[Collected data]
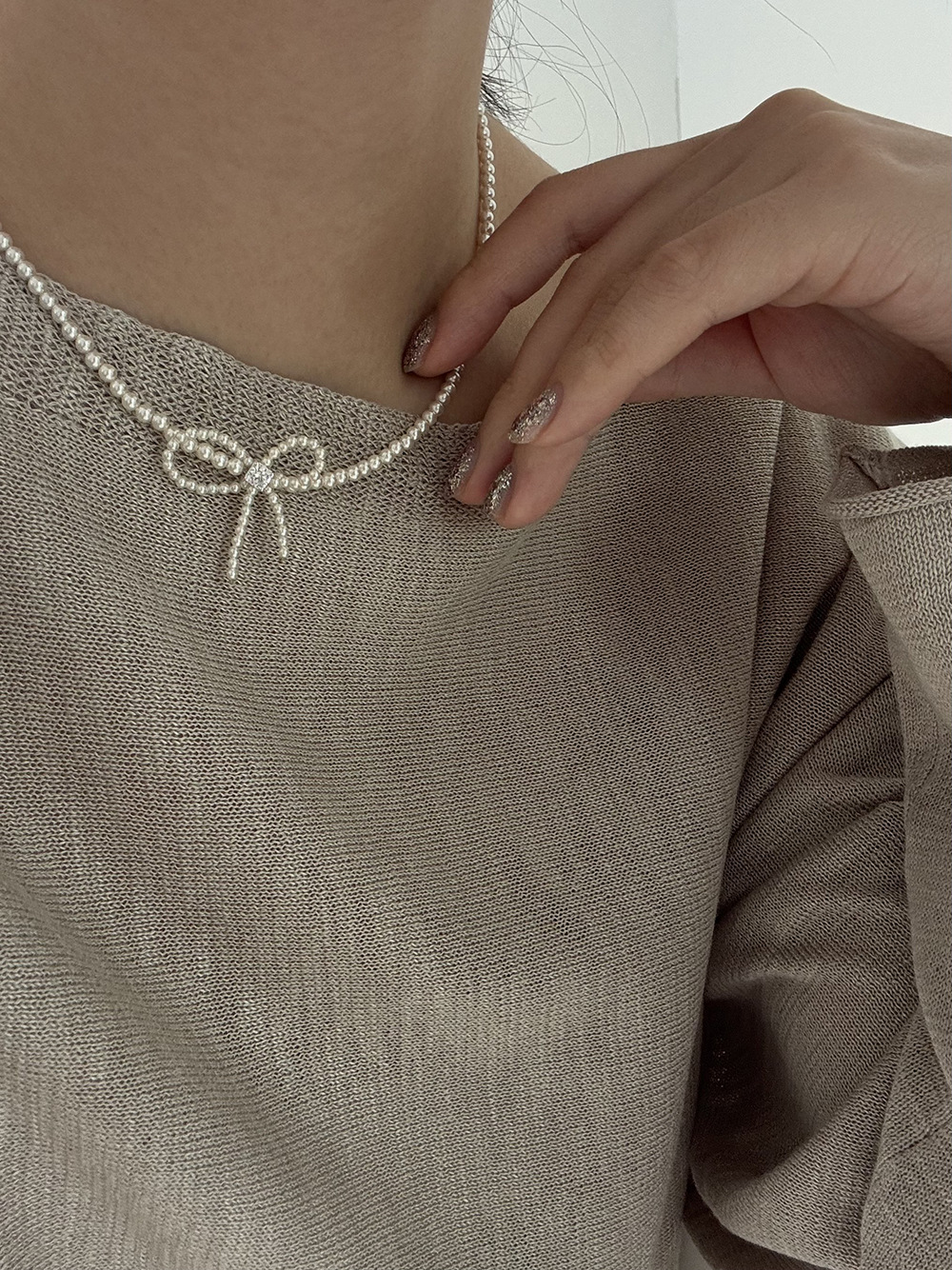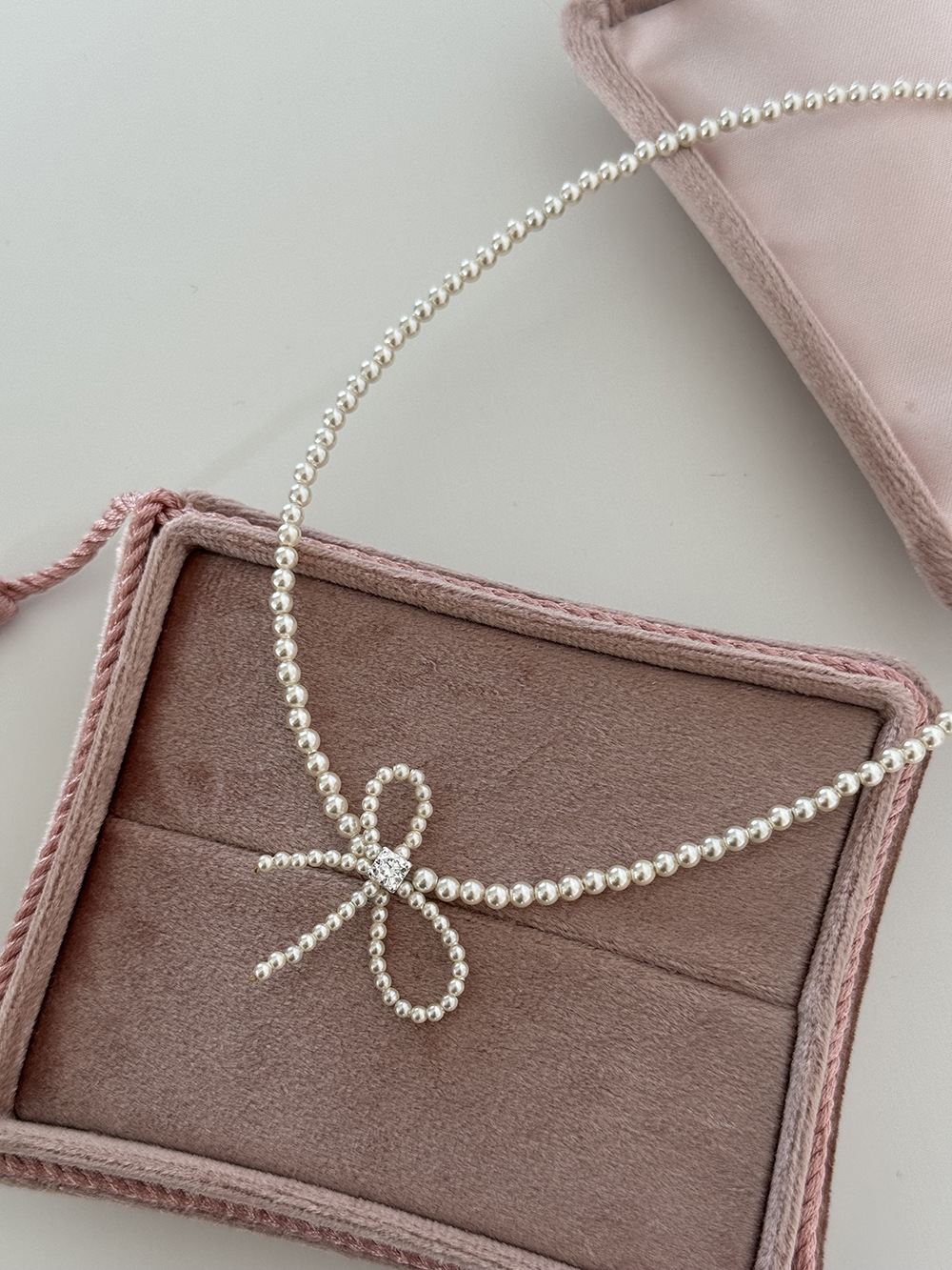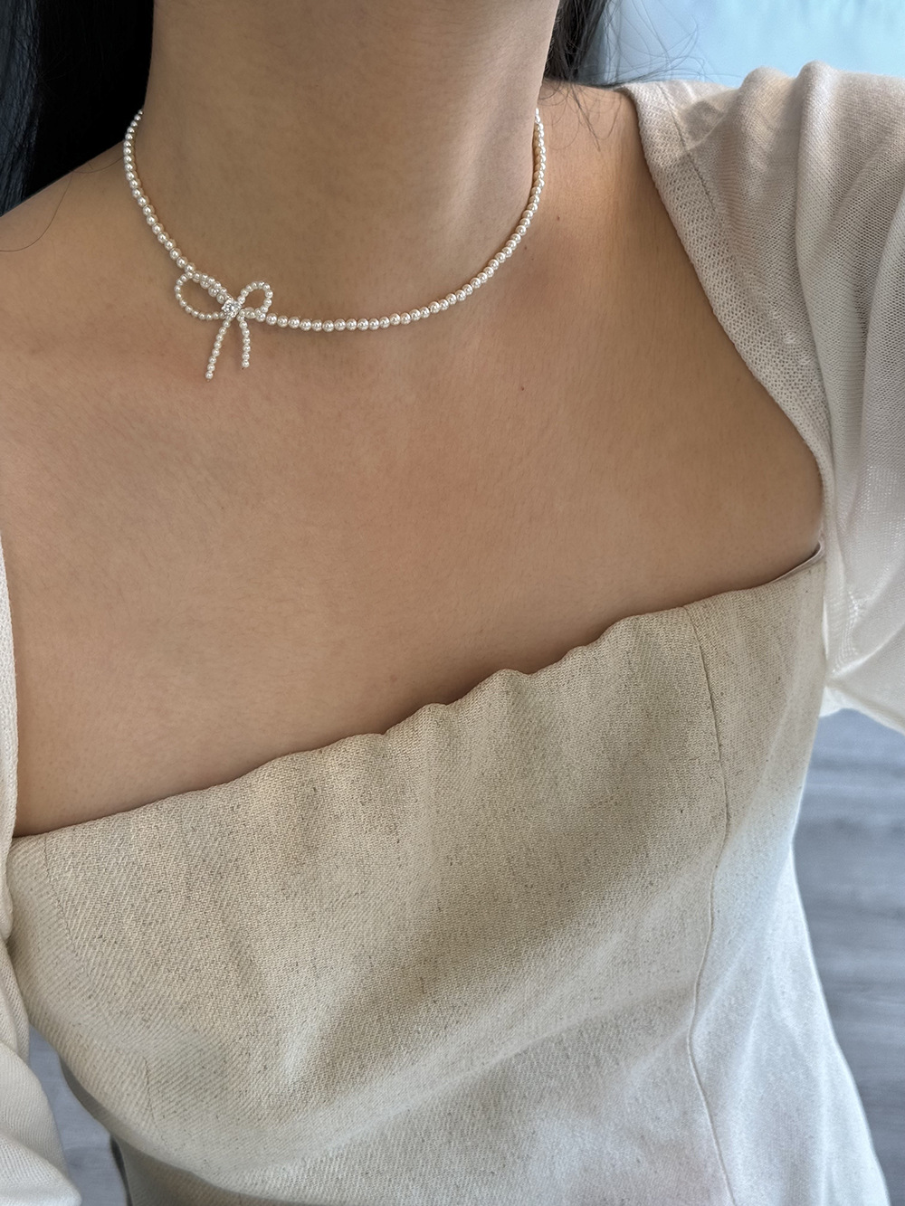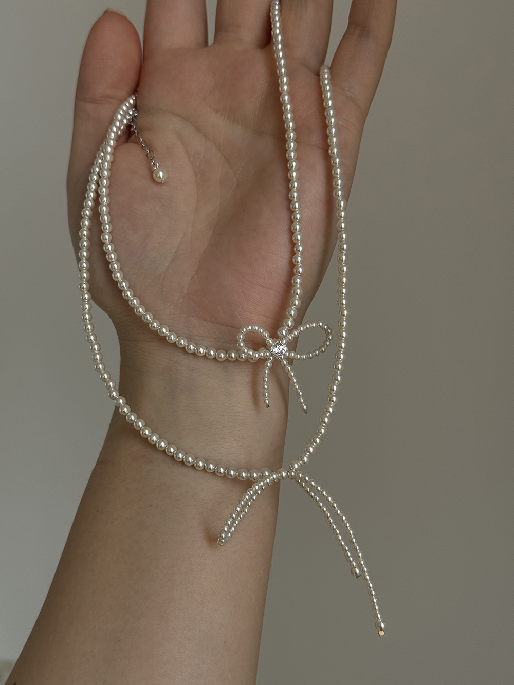 在逃公主甜美芭蕾风珍珠蝴蝶结choker浪漫温柔少女心项链纯银
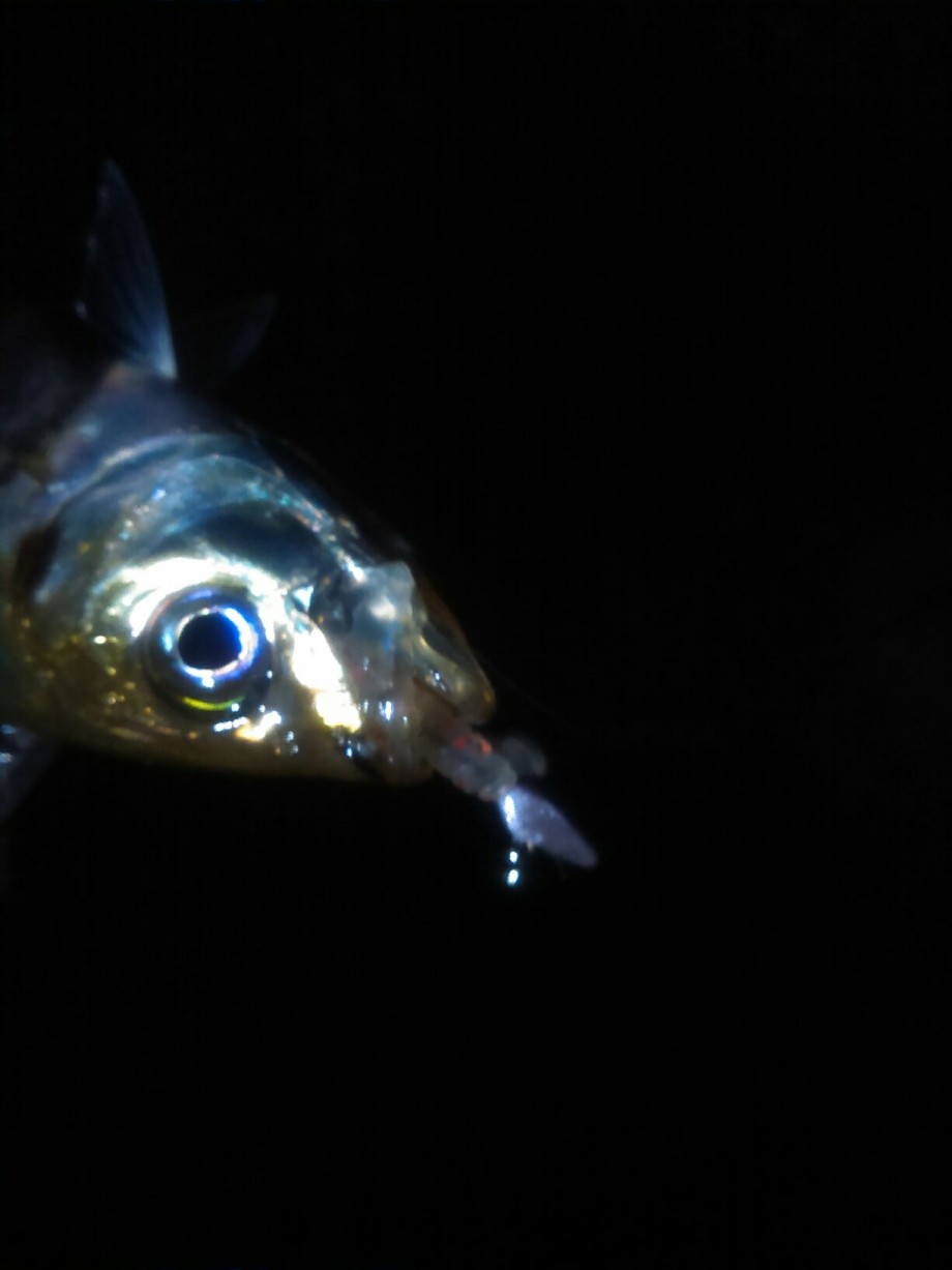 0.75gで表層でバイトがあり、釣り上げますが食い込みが悪いようです。
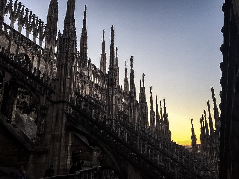 Egy művészeti kort ugorva vissza az időben, csodáljuk meg Milánó legemblematikusabb alkotását, a világ legnagyobb gótikus katedrálisát, a dómot, amely vakító fehérségével és hatalmas méretével uralja a Dóm teret, ahol, érzékenyebbek készüljenek fel, mindent ellepnek a galambok. A milánói kirándulásom nem csak szó szerinti tetőpontja volt, amikor a dóm tetején sétálgattunk, a középső és a legfelső szint látogatható. Most kicsit bajban vagyok, nem szeretnék ömlengősen írni a megkapó-letaglózó szépségéről, de a végeláthatatlan indamintás árkádok, kikukkantók, tornyocskák, csavart cukorsüvegre emlékeztető kupolácskák mesébe illőek. A dóm építése több, mint 500 évig tartott, bár a részletgazdagságát figyelembe véve még ez is kevésnek tűnik. Talán legideálisabb naplemente előtt megmászni a 150-nél is több lépcsőfokot, majd nézni, hogy vált fehérből narancssárgára a márvány a lenyugvó nap sugaraiban.
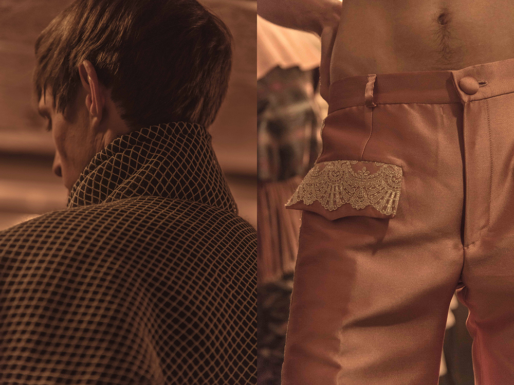 El telón está aún por abrir pero los príncipes ya están preparados para que empiece la temporada de caza. Coto Privado: Entre bambalinas, algunos nos escondemos mientras les empolvan la nariz a los modelos, y les enredan en capas de seda, satén y cintas de cuero vuelto. Anillas, tacones, algo de pluma. Colorete.
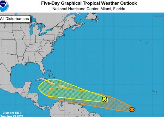 Este martes una de las ondas tropicales estaba situada a unas 850 millas (1.367 km) al este de las Antillas Menores y es posible, según el NHC, "algún desarrollo lento" a finales de esta semana y este próximo fin de semana mientras el sistema se mueve hacia el oeste a oestenoroeste a una velocidad de 15 a 20 millas por hora (24 a 32 km/h).
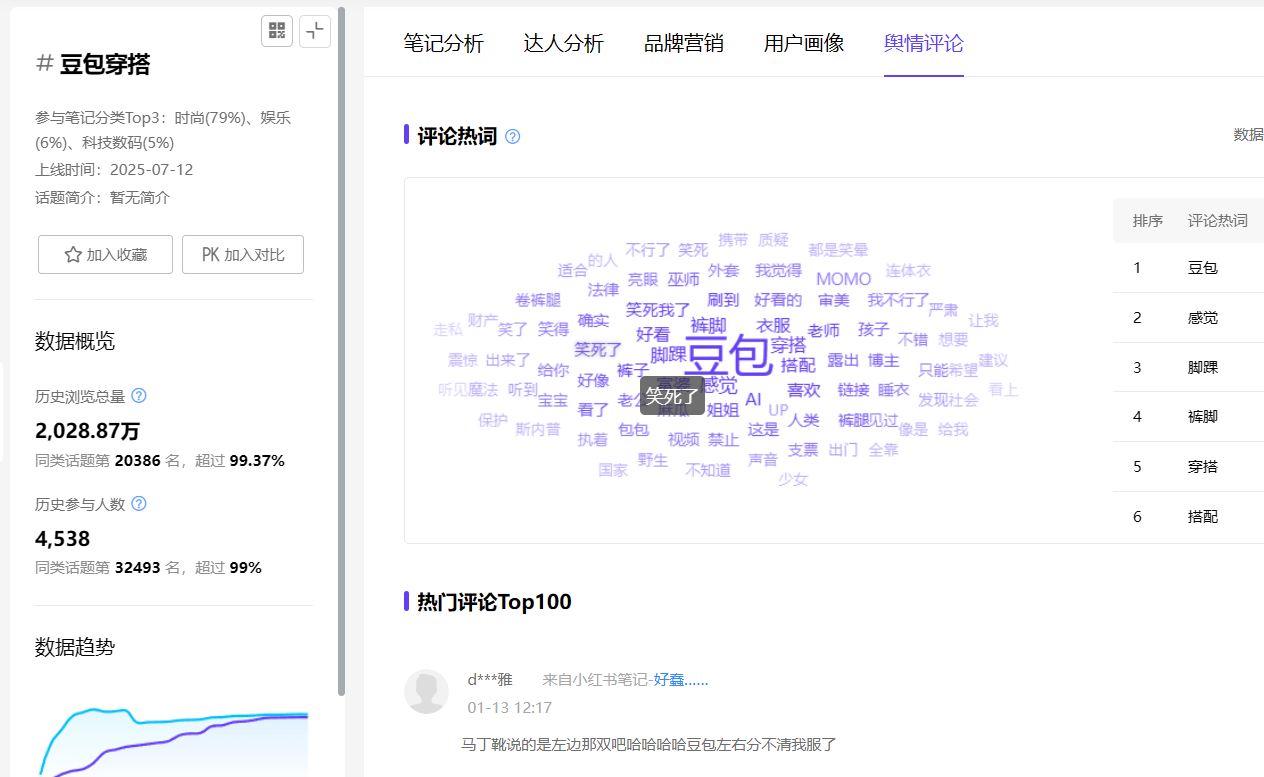 通过千瓜数据可以看到,#豆包穿搭 舆情评论里,没有容貌焦虑,只有满屏的“笑疯了”。 网友们不仅不生气,反而把这些穿搭当成段子发出来。
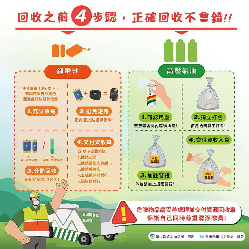 臺東縣環保局指出,行動電源、手機與筆電電池、卡式瓦斯罐、噴漆罐、打火機瓦斯罐等,若混入一般垃圾,經垃圾車壓縮或回收場高溫曝曬,極可能瞬間爆炸起火,危及清潔隊員與社區安全。若經勸導仍屢犯者,依據廢棄物清理法,可處新台幣1,200元以上至6,000元以下罰鍰,請民眾切勿任意丟棄。
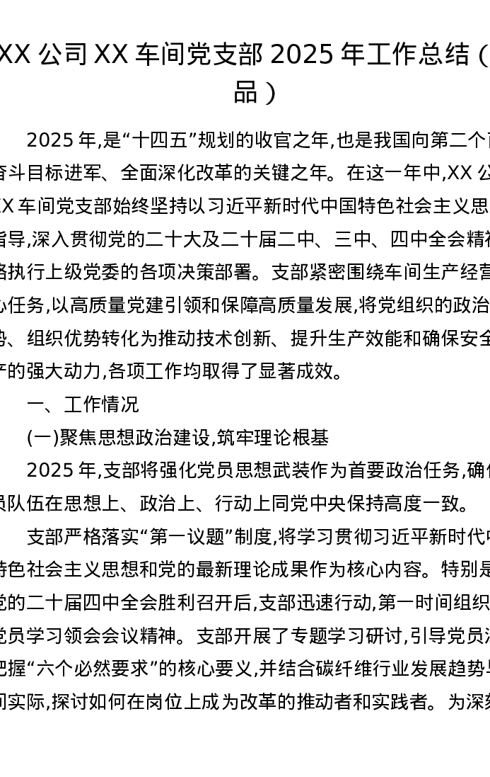 XX公司XX车间党支部2025年工作总结

◆ What is expected:
What are the lines from the one containing "臺東縣環保局指出,行動電源、" through the end of the records? Write them out exactly, leaving out the pictures.

◆ Written solution:
 臺東縣環保局指出,行動電源、手機與筆電電池、卡式瓦斯罐、噴漆罐、打火機瓦斯罐等,若混入一般垃圾,經垃圾車壓縮或回收場高溫曝曬,極可能瞬間爆炸起火,危及清潔隊員與社區安全。若經勸導仍屢犯者,依據廢棄物清理法,可處新台幣1,200元以上至6,000元以下罰鍰,請民眾切勿任意丟棄。
 XX公司XX车间党支部2025年工作总结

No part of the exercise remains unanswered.